### TASK DIRECTIONS
The data below is to be transcribed word for word; pictures are to be excluded.

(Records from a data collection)
────
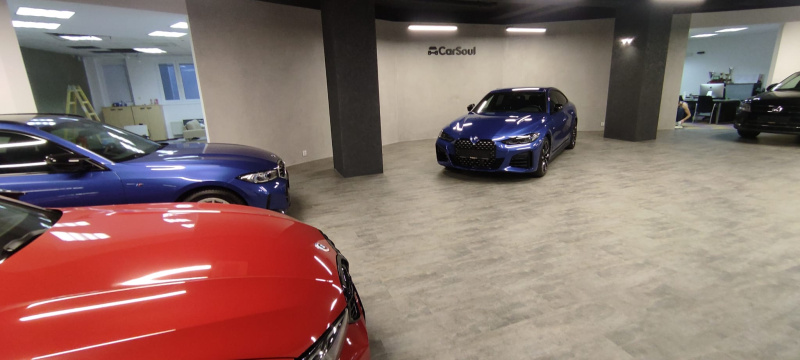 Hledáte podlahu, která přežije všechno? Tato realizace v dekoru Grey dokazuje, že moderní SPC vinyl patří i do těch nejnáročnějších prostor, jako jsou showroomy nebo garážové plochy.
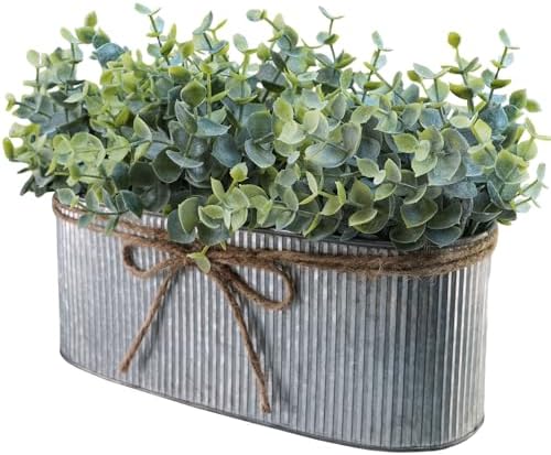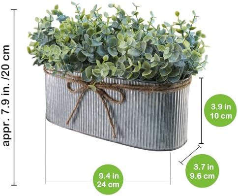 Color: The faux eucalyptus plants are in two-tone green with light dusting for a more realistic look. They are full and lush and look like a little eucalyptus bouquet. The oval galvanized metal planter box features ribbed detailing in a distressed vintage look and is tied with a jute twine for a rustic charm. This faux greenery arrangement will bring touch of fresh look to your decor. Perfect greenery centerpiece to decorate your home all year round!
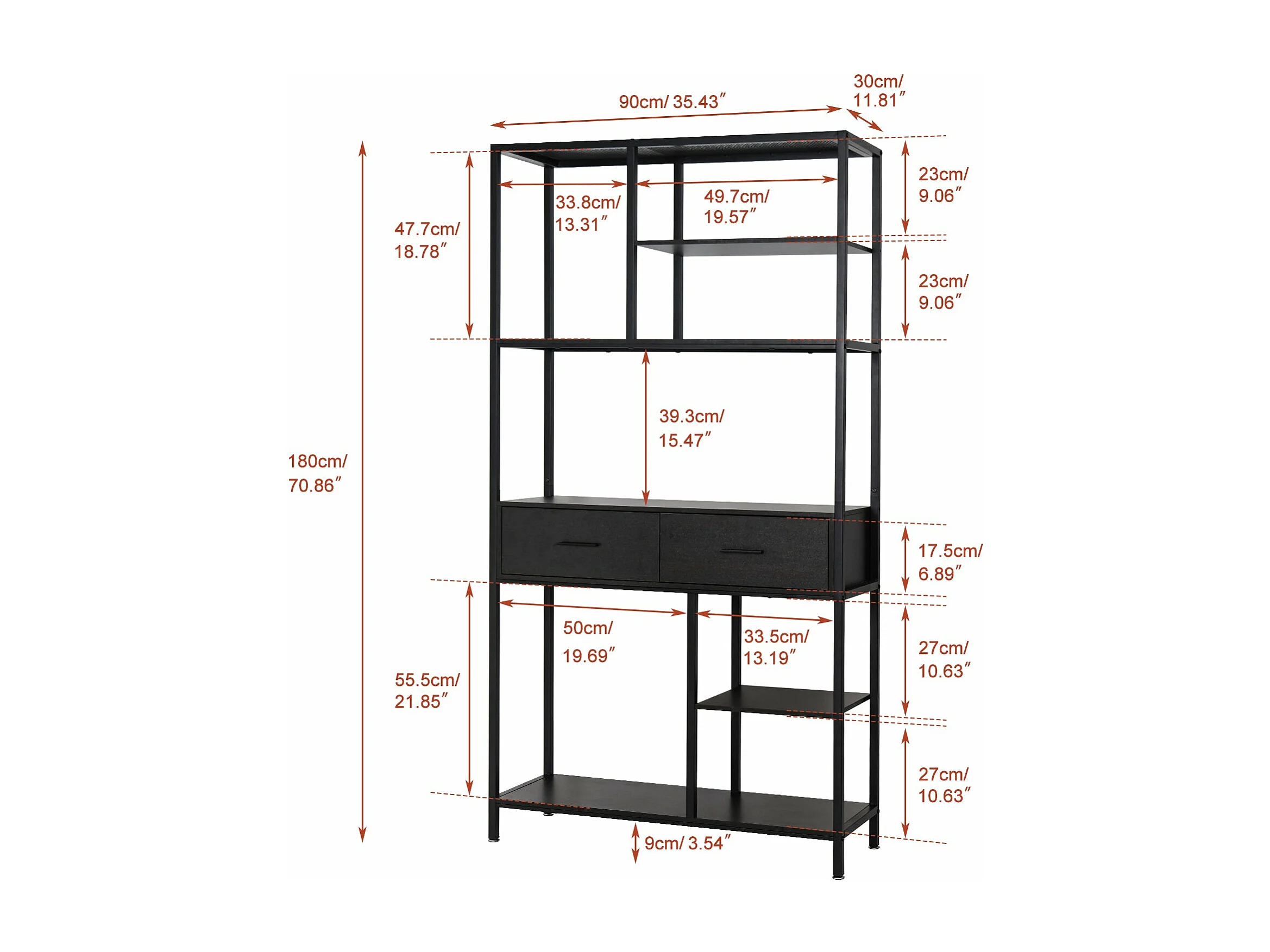 Bibliothèque étagère rangement industrielle meuble de rangement en bois et métal salon bureau 180x90x30cm
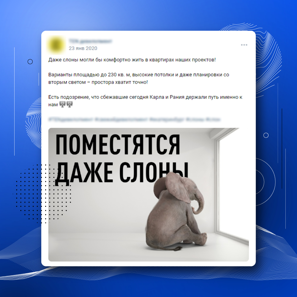 1. Если ваш бренд из регионов, то особенно важно мониторить и реагировать на локальные новости. На скриншоте выше — пример такой отработки, когда из проезжающего зоопарка сбежали слоны. Репостов было в разы больше обычного — новость свежа, мелькает в местных пабликах, поэтому понятна всей аудитории и интересна. За оперативность даже получали похвалу от местных коллег по цеху — быстро, без долгого согласования реагировать на такие вещи тоже важно.
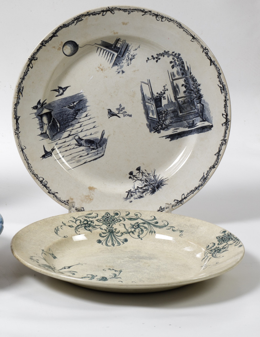 Dos platos de loza estampada, Francia, S. XX
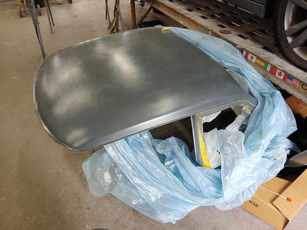 I arrived late in the day. Joe was all smiles when I showed him what I hoped would be a project he would take an interest in. He said, "I consider it an honor." I then outlined what I envisioned for the hardtop: repair and smooth the top, and painting it the same Graphite Gray as the body. Joe inquired, "What are you thinking for a headliner?" I said that I'd have that done by my upholstery man, Ray Tkacs in East Providence, RI, who has done all my work for over 40 years.
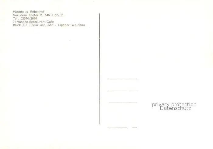 Linz_Rhein Weinhaus Rebenhof Restaurant Linz_Rhein postalisch nicht gelaufen nach 1965 Erhaltung siehe scans [LiesaD40] LiesID40
────
### EXERCISE RESULT
 Hledáte podlahu, která přežije všechno? Tato realizace v dekoru Grey dokazuje, že moderní SPC vinyl patří i do těch nejnáročnějších prostor, jako jsou showroomy nebo garážové plochy.
 Color: The faux eucalyptus plants are in two-tone green with light dusting for a more realistic look. They are full and lush and look like a little eucalyptus bouquet. The oval galvanized metal planter box features ribbed detailing in a distressed vintage look and is tied with a jute twine for a rustic charm. This faux greenery arrangement will bring touch of fresh look to your decor. Perfect greenery centerpiece to decorate your home all year round!
 Bibliothèque étagère rangement industrielle meuble de rangement en bois et métal salon bureau 180x90x30cm
 1. Если ваш бренд из регионов, то особенно важно мониторить и реагировать на локальные новости. На скриншоте выше — пример такой отработки, когда из проезжающего зоопарка сбежали слоны. Репостов было в разы больше обычного — новость свежа, мелькает в местных пабликах, поэтому понятна всей аудитории и интересна. За оперативность даже получали похвалу от местных коллег по цеху — быстро, без долгого согласования реагировать на такие вещи тоже важно.
 Dos platos de loza estampada, Francia, S. XX
 I arrived late in the day. Joe was all smiles when I showed him what I hoped would be a project he would take an interest in. He said, "I consider it an honor." I then outlined what I envisioned for the hardtop: repair and smooth the top, and painting it the same Graphite Gray as the body. Joe inquired, "What are you thinking for a headliner?" I said that I'd have that done by my upholstery man, Ray Tkacs in East Providence, RI, who has done all my work for over 40 years.
 Linz_Rhein Weinhaus Rebenhof Restaurant Linz_Rhein postalisch nicht gelaufen nach 1965 Erhaltung siehe scans [LiesaD40] LiesID40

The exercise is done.